[PROMPT] Each line of the data below either holds "municipality" or does not. Report how many do, and only that.

(Beginning of INPUT RECORDS)

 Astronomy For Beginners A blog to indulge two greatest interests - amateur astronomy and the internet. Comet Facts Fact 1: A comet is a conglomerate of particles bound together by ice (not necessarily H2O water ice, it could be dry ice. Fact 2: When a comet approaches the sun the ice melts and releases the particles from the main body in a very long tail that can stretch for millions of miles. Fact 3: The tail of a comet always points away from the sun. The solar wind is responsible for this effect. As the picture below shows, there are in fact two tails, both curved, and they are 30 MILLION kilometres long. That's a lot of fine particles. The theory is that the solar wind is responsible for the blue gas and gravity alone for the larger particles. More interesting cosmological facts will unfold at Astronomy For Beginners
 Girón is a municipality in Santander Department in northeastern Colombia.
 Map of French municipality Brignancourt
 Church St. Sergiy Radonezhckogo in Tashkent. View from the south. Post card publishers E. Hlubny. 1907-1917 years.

(End of INPUT RECORDS)
(Beginning of INPUT RECORDS)

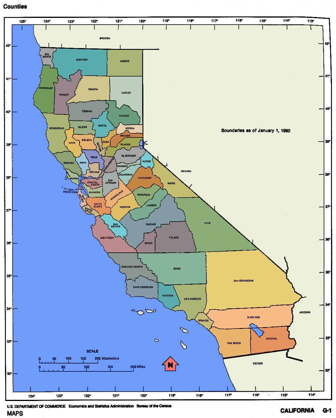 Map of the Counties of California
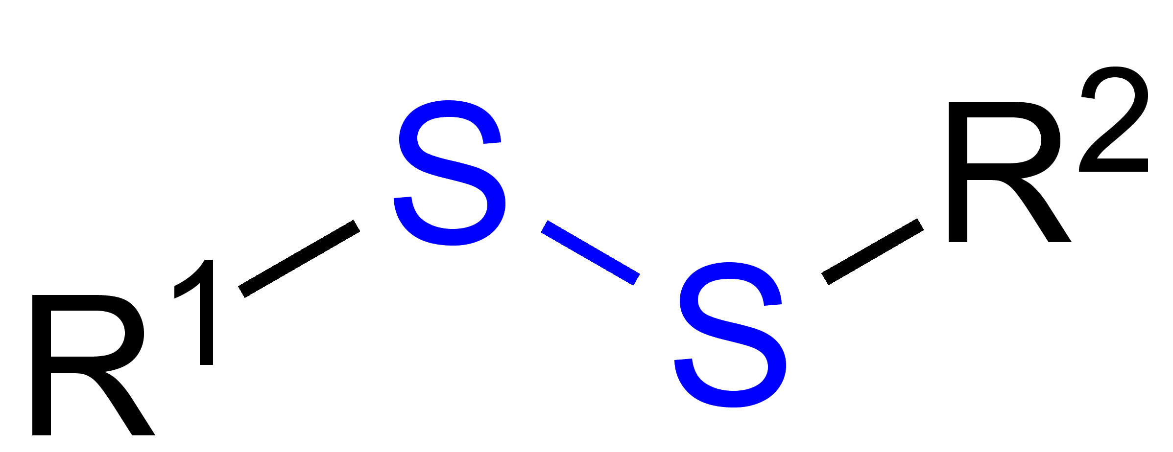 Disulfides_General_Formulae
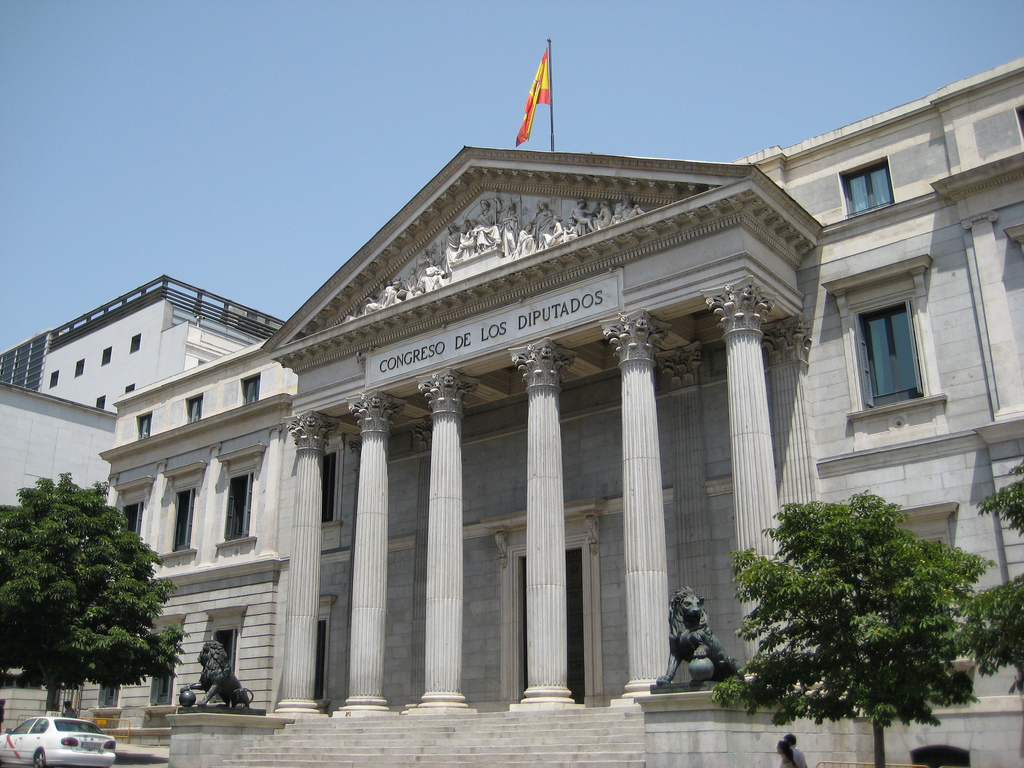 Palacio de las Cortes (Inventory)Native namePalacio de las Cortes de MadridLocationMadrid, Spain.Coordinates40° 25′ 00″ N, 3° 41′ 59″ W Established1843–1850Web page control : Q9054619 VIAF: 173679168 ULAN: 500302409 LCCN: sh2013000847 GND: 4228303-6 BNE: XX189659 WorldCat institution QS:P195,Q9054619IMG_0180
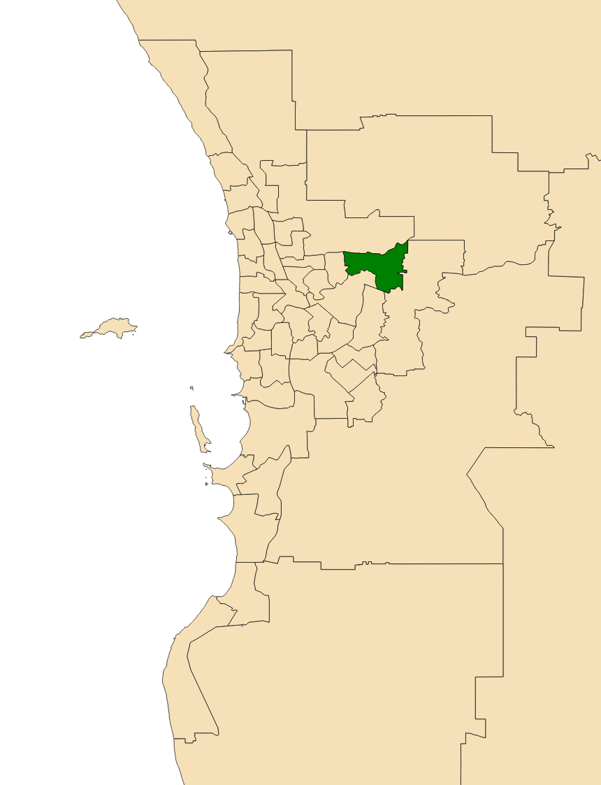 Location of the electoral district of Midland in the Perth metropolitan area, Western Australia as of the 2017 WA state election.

(End of INPUT RECORDS)

[RESPONSE TO THIS TASK] 2